Green groups criticise Kimberley marine parks
FOUR NEW MARINE PARKS, a new national park and a 200 km conservation corridor have been declared in the Kimberley, in a move described by the Western Australian Government as one of the most significant environmental initiatives in the State’s history.
“This is an extraordinary amount of new conservation and national parks, more than trebling the size of marine parks in Western Australia,” says Premier Colin Barnett. The Kimberley will have Australia’s second largest marine park in coastal waters behind the Great Barrier Reef Coast Marine Park, he says.
But environmental groups say the new marine parks – covering Eighty Mile Beach, Roebuck Bay, the north Kimberley coast and a whale-birthing haven at Camden Sound – are a farce, as they would still vulnerable to industry and the Kimberley coast not protected from petroleum exploration or commercial fishing.
The marine parks, which will cover 26,000 sq. km of ocean, are part of a Government science strategy to offset the emergence of oil and gas activity with conservation of Kimberley wilderness.

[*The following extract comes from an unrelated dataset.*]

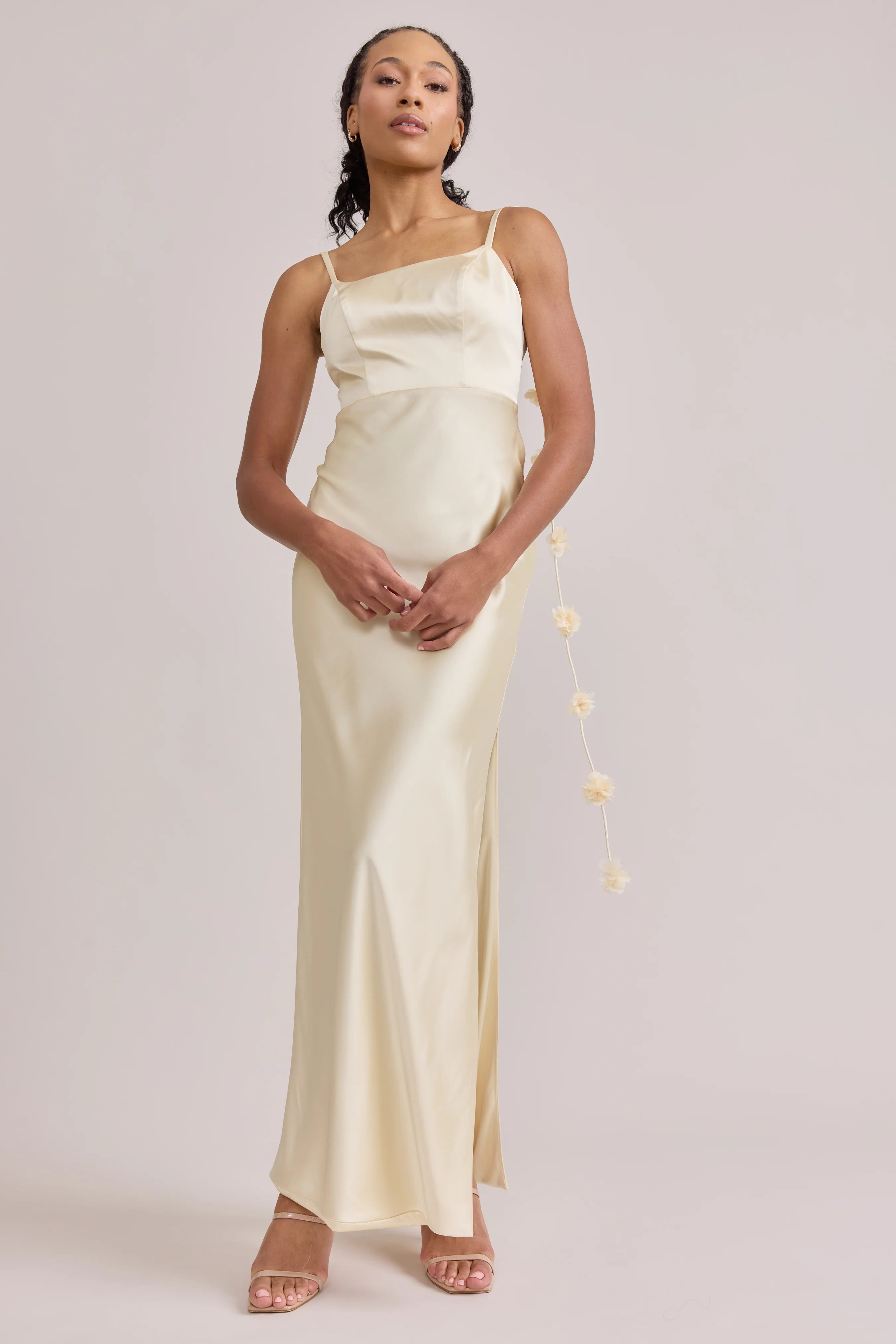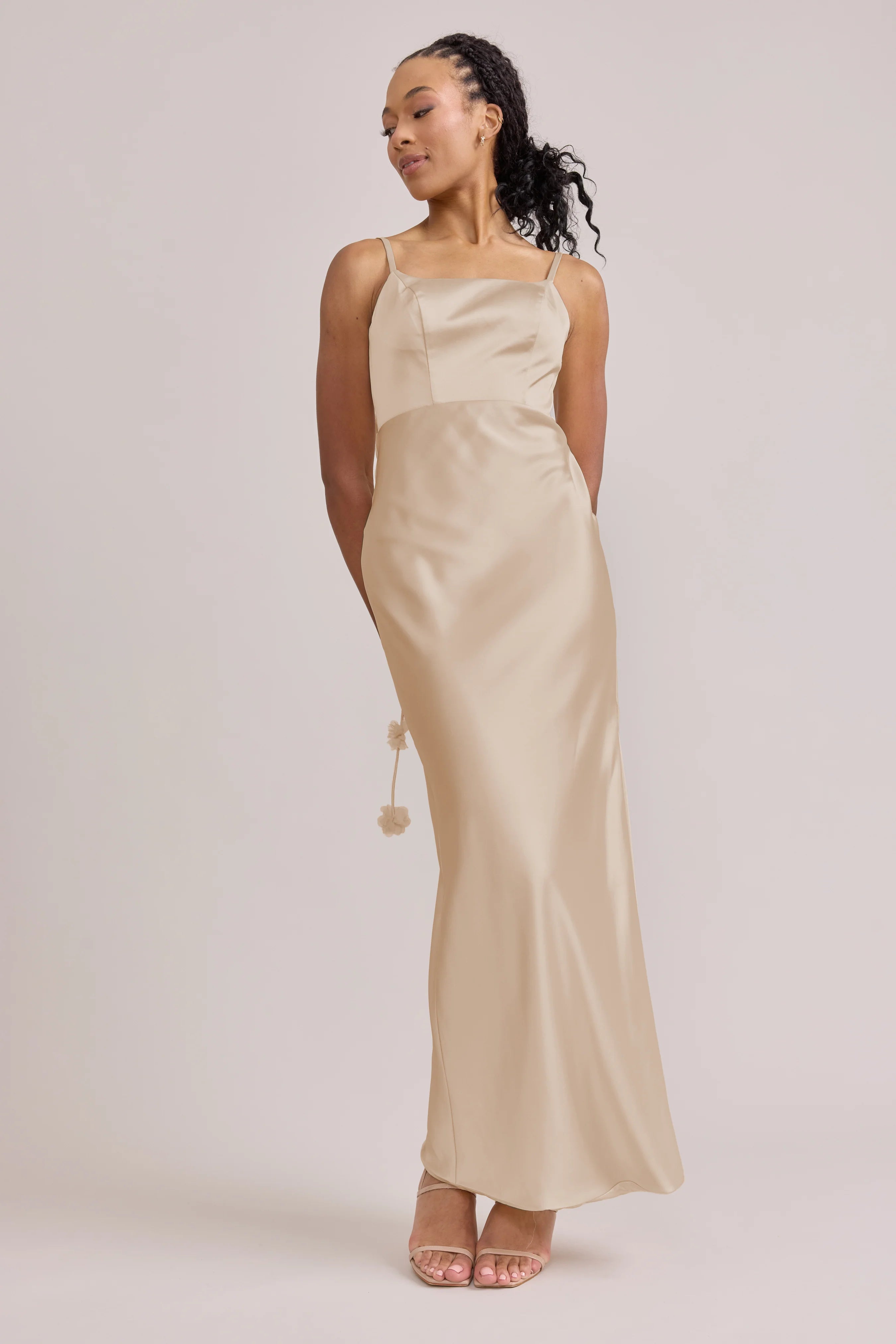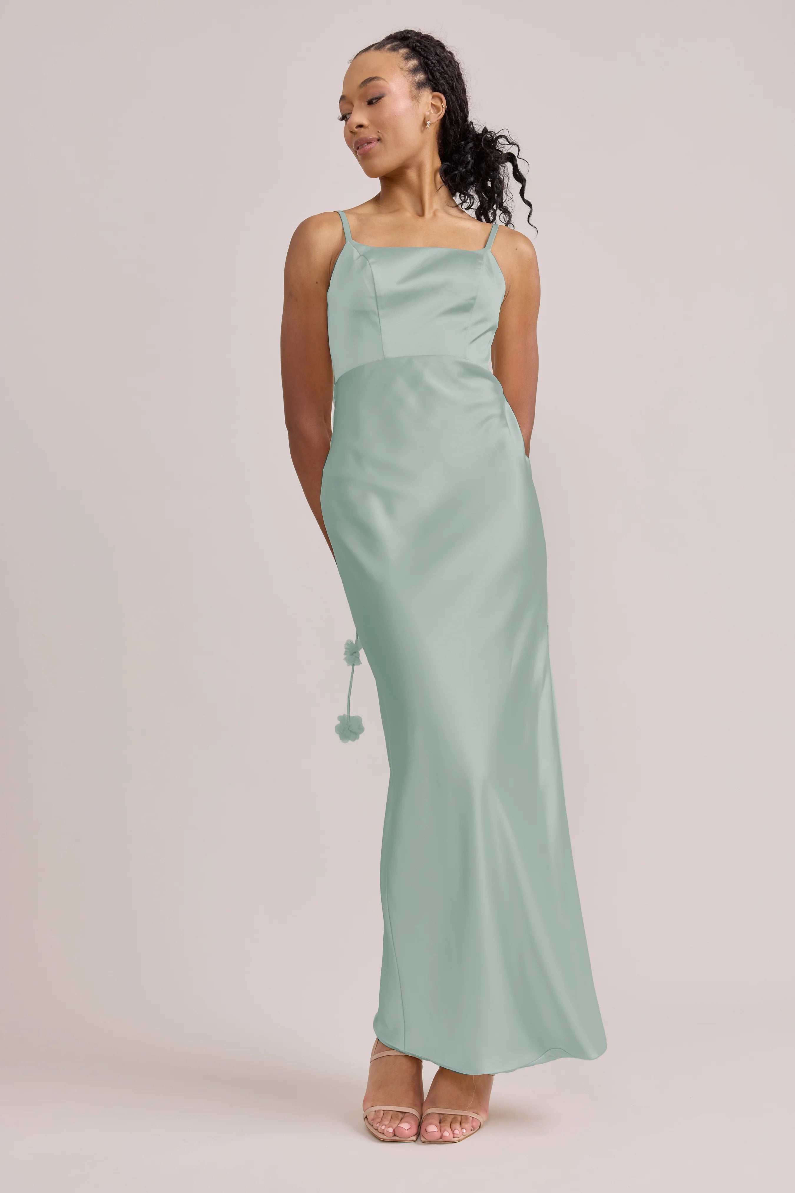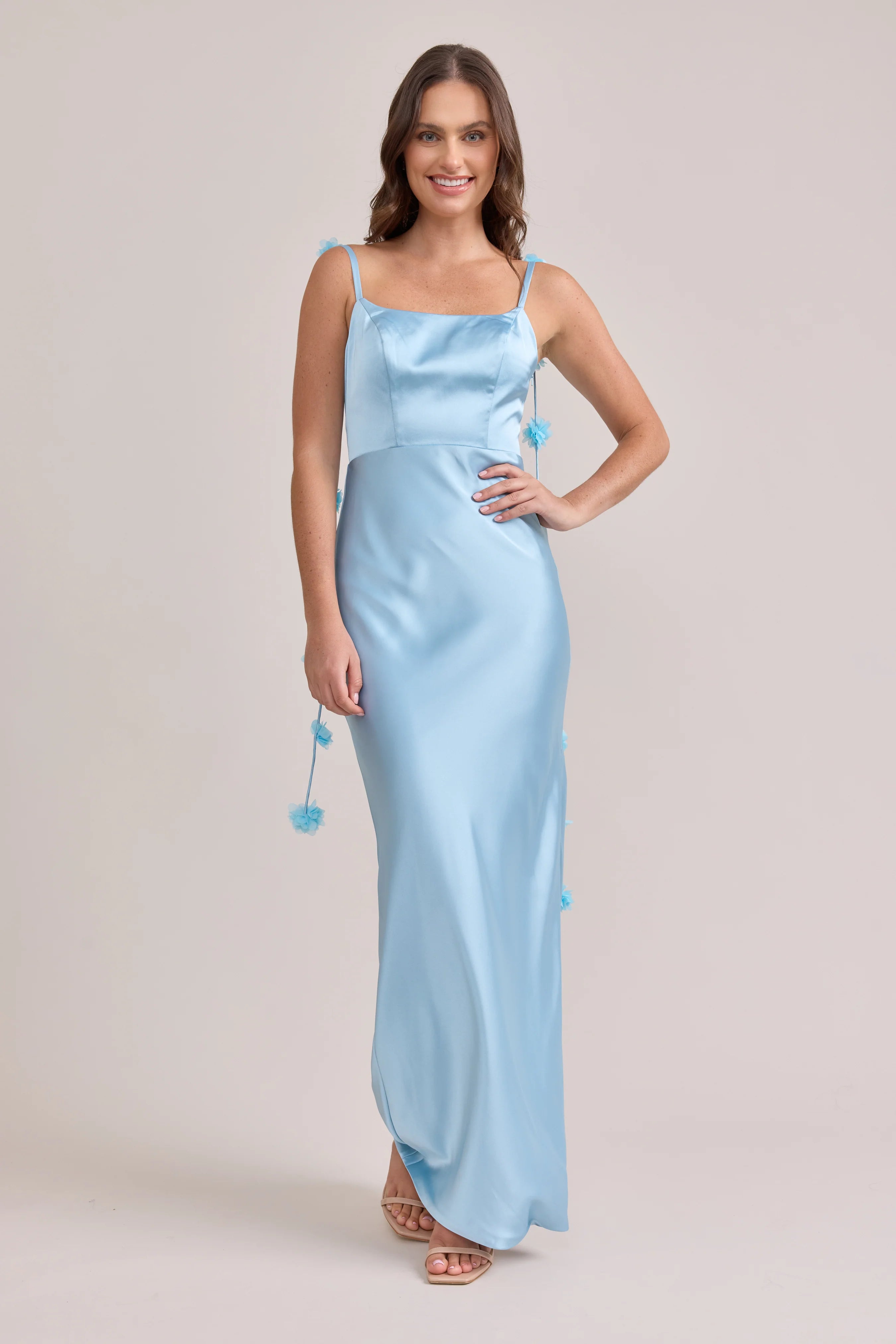 Sleek in the front, whimsy in the back, our LUXE Ellapink Satin Dress is an instant serotonin boost. Remi’s simple yet flattering silhouette is the perfect canvas for these beautifully draped florals to accessorize. This style features a fitted silhouette, left side slit and open back, where chiffon floral poofs are highlighted, attached to the adjustable spaghetti straps. Two additional floral strands hang off either shoulder, completing this playful and romantic dress.

The region’s first gas processing facility, a $30 billion Woodside LNG plant, is being mooted for a pristine coastal site near Broome.
98 per cent open to mining
Premier Barnett says the strategy is aimed at “protecting the natural character of the Kimberley wilderness for future generations.”
“Together, the four new marine parks will protect the largest Humpback whale calving area in the southern hemisphere, some of the nation’s largest mangrove communities, significant turtle nesting areas, extensive coral reefs, sponge gardens and the area’s outstanding scenic values.”
But conservation groups say only two sanctuary zones have been created within the marine parks, offering little real protection. “From what has been proposed, 98 percent of the Kimberley marine environment would be open to mining, oil and gas, fishing and other activities,” says Paul Gamblin, WWF-Australia’s WA director.
The WA Conservation Council’s director Piers Verstegen says only 13 percent of Camden Sound, where Humpback whales migrate to each year to give birth, will be fully protected from commercial activity. “This is like creating a national park on land where 90 per cent of its area is left open slather to the logging industry.”
But the State Government’s land-based parks have been welcomed by WWF. “It’s the government thinking at scale, and perhaps testing the water to see if there is strong community support for Kimberley conservation,” says Paul. “We clearly think there is.”
200-km conservation corridor
Land-based initiatives include the new Prince Regent National Park, a 634,000 ha biodiversity hotspot in the rugged northwest where half the Kimberley’s plant species are found.
It is home to significant animals like northern quolls, endangered golden-backed tree rats (Mesembriomys macrurus), scaly-tailed possums (Wyulda squamicaudata), a rare and elusive rough-scaled python (Morelia carinata) and the world’s smallest rock-wallaby, called the monjon (Petrogale burbidgei).
Work will also begin on creating a 200-kilometre long conservation corridor to connect Prince Regent National Park with another remote haven for rare species, Drysdale River National Park, which is accessible only to bushwalkers.
The Government’s Kimberley conservation package includes a $2.7 million investment in nature-based tourism for travellers along the popular Gibb River Road, with better visitor facilities planned for Geikie Gorge, Tunnel Creek and Windjana Gorge national parks.